**INSTRUCTIONS FOR THE TASK**
Transcribe only what runs from the line containing "Due scatole e" through the final line below, exactly, and leave every picture out.

[Collected data]

##############################

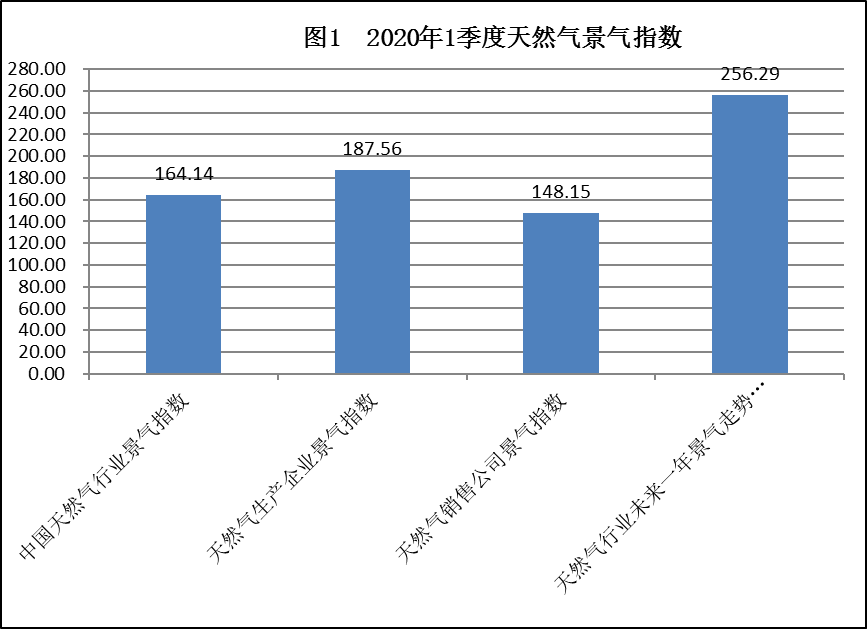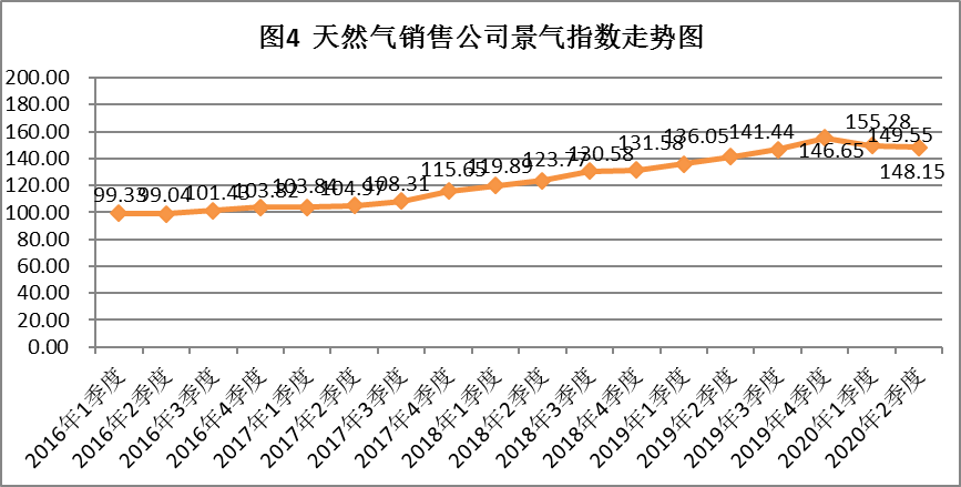 中國天然氣行業(yè)景氣指數(shù)統(tǒng)計結(jié)果顯示:2020年2季度中國天然氣行業(yè)景氣指數(shù)為164.14,處于景氣狀態(tài);天然氣生產(chǎn)企業(yè)景氣指數(shù)為187.56,處于景氣狀態(tài);天然氣銷售公司景氣指數(shù)為148.15,處于較景氣狀態(tài);天然氣行業(yè)未來一年景氣走勢指數(shù)為256.29,處于非常景氣狀態(tài)。詳見圖1及表1。
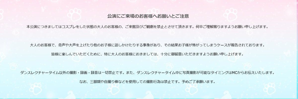 > 大人のお客様で、奇声や大声を上げたり他のお子様に話しかけたりする事象があり、その結果お子様が怖がってしまうケースが報告されており
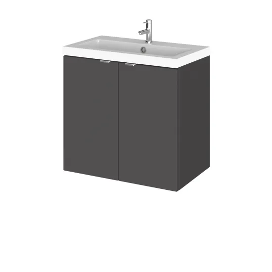 Hudson Reed Fusion Wall Hung 2 Door Vanity Unit 600mm - Gloss Grey
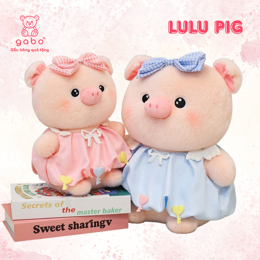 Gấᴜ Bông Heo Hồng Piggy Mặc Váy, Heo Lulu Mặc Váy Đeo Nơ Công Chúa, Thú Nhồi Bông Heo Váy Babydoll Lông xù Mềm Mịn
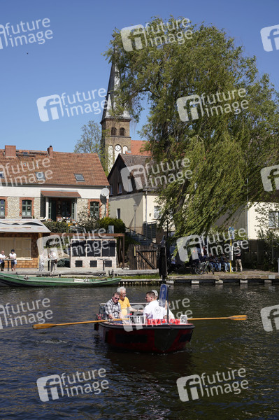 Die Ruderfähre F24 Paule III mit dem Fährmann Marcel Franke setzt seit dem 1. Mai 2024 wieder zwischen der Haltestelle Spreewiesen und Kruggasse über. Rahnsdorf, 01.05.2024
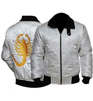 Drive Scorpion Bomber Quilted Style Jacket Inspiration Ryan Gosling Celebrity Shell (Large) White
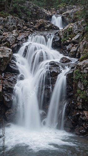 © GMeta, Obraz premium Serene waterfall in motion blur over rocky terrain
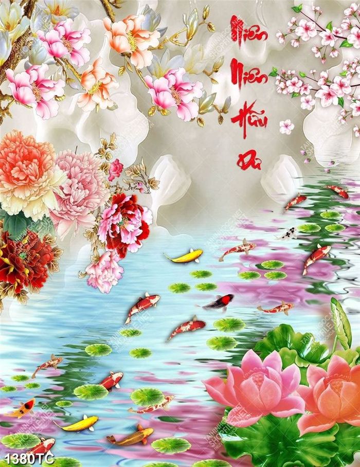 Tranh cá chép hoa mẫu đơn và hoa mộc lan
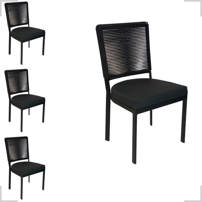Jogo 4 Cadeiras de Alumínio Corda Sintética Assento 50cm Alt Preto Preto
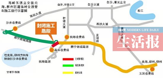 3.機(jī)場方向車輛需經(jīng)高嶺收費站前往北海、柳州方向的車輛可繞行那洪大道、那歷路、南站大道進(jìn)沙井收費站前往目的地。
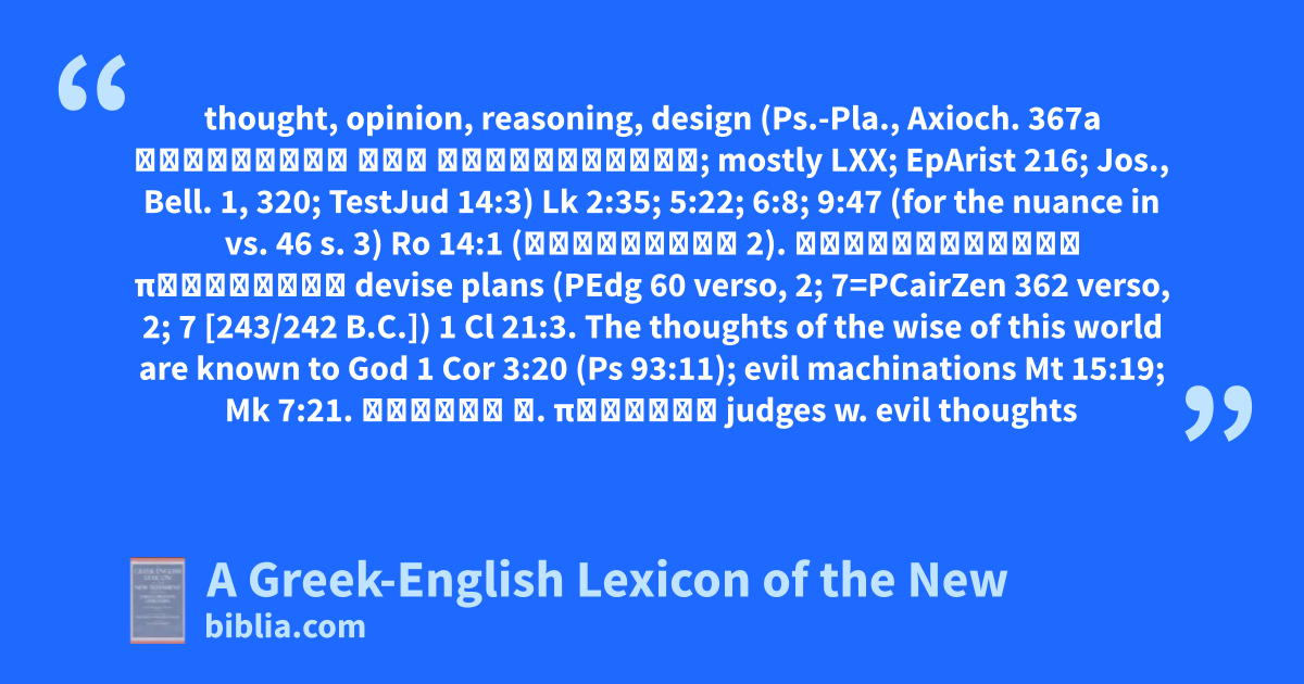 thought, opinion, reasoning, design (Ps.-Pla., Axioch. 367a φροντίδες καὶ διαλογισμοί; mostly LXX; EpArist 216; Jos., Bell. 1, 320; TestJud 14:3) Lk 2:35; 5:22; 6:8; 9:47 (for the nuance in vs. 46 s. 3) Ro 14:1 (διάκρισις 2). διαλογισμοὺς ποιεῖσθαι devise plans (PEdg 60 verso, 2; 7=PCairZen 362 verso, 2; 7 [243/242 B.C.]) 1 Cl 21:3. The thoughts of the wise of this world are known to God 1 Cor 3:20 (Ps 93:11); evil machinations Mt 15:19; Mk 7:21. κριταὶ δ. πονηρῶν judges w. evil thoughts
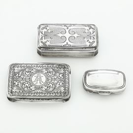 Due scatole e porta pillole. Differenti argenterie del XX secolo
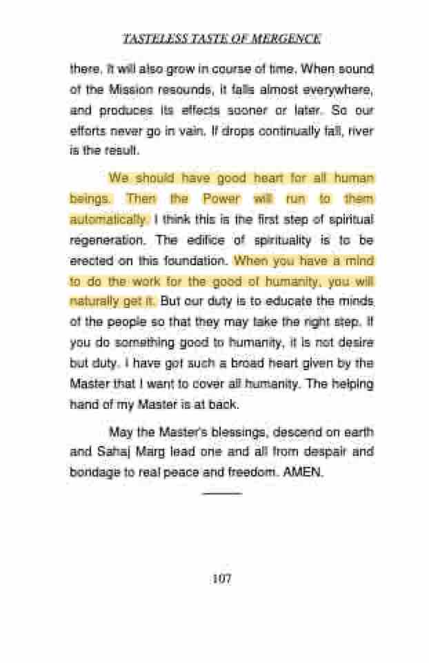 We should have good heart for all human beings. Then the Power will run to them automatically. I think this is the first step of spiritual regeneration. The edifice of spirituality is to be erected on this foundation. When you have a mind to do the work for the good of humanity, you will naturally get it. But our duty is to educate the minds of the people so that they may take the right step. If you do something good to humanity, it is not desire but duty. I have got such a broad heart given by the Master that I want to cover all humanity. The helping hand of my Master is at back.
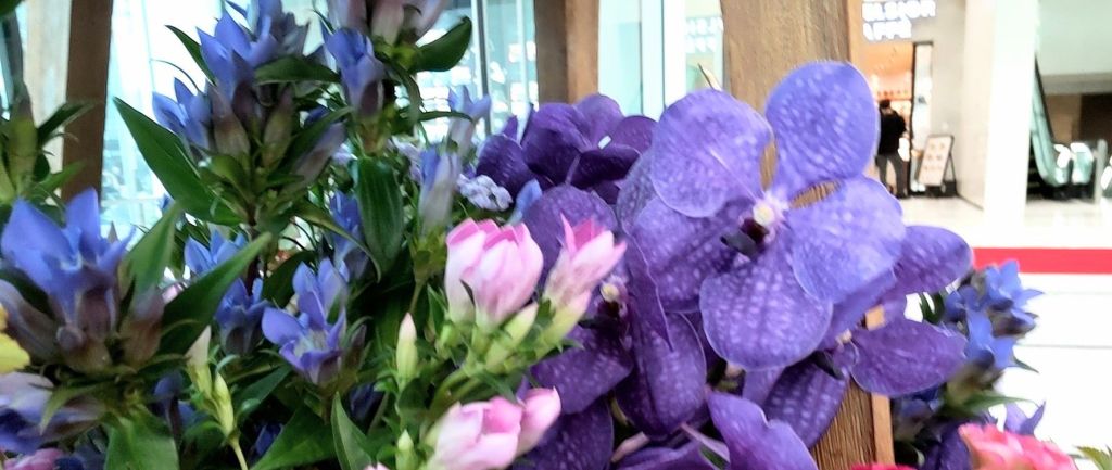 バイト先の近くに、青紫と ピンク色のりんどうの生花が、飾ってありました🎵
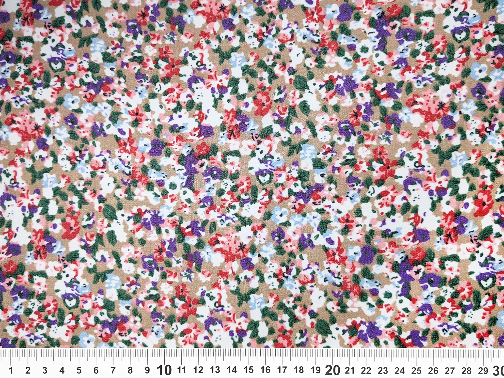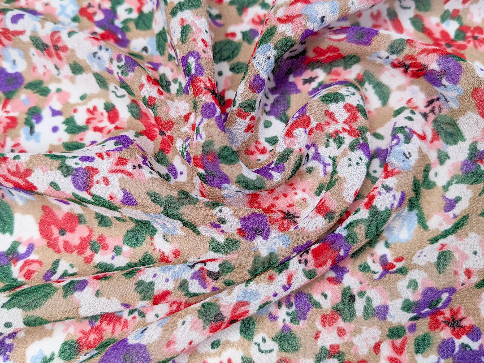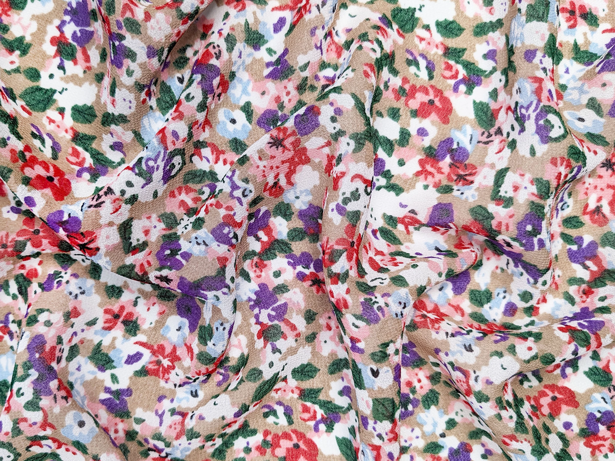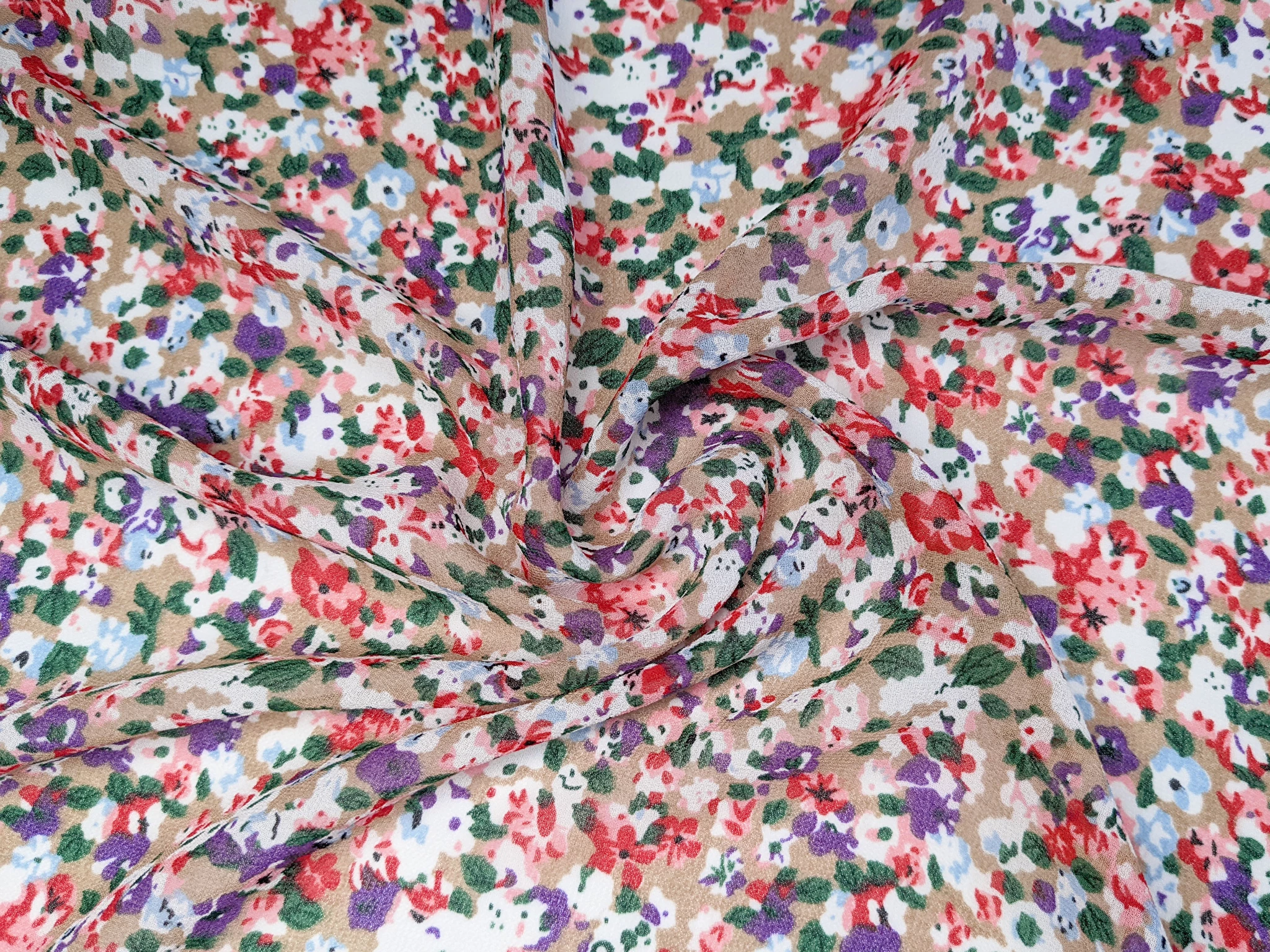 Принтований креп-шифон - це напівпрозора шорстка тканина. Тканина гарно драпірується. Прати й прасувати вироби з крепа- шифону коштує з обережністю, вибираючи делікатні режими. Полотно дуже міцне завдяки туго переплетених ниток. Для пошиття суконь рекомендуємо придбати легку підкладкову тканину.

##############################

**RESULT OF THIS EXERCISE**
 Due scatole e porta pillole. Differenti argenterie del XX secolo
 We should have good heart for all human beings. Then the Power will run to them automatically. I think this is the first step of spiritual regeneration. The edifice of spirituality is to be erected on this foundation. When you have a mind to do the work for the good of humanity, you will naturally get it. But our duty is to educate the minds of the people so that they may take the right step. If you do something good to humanity, it is not desire but duty. I have got such a broad heart given by the Master that I want to cover all humanity. The helping hand of my Master is at back.
 バイト先の近くに、青紫と ピンク色のりんどうの生花が、飾ってありました🎵
 Принтований креп-шифон - це напівпрозора шорстка тканина. Тканина гарно драпірується. Прати й прасувати вироби з крепа- шифону коштує з обережністю, вибираючи делікатні режими. Полотно дуже міцне завдяки туго переплетених ниток. Для пошиття суконь рекомендуємо придбати легку підкладкову тканину.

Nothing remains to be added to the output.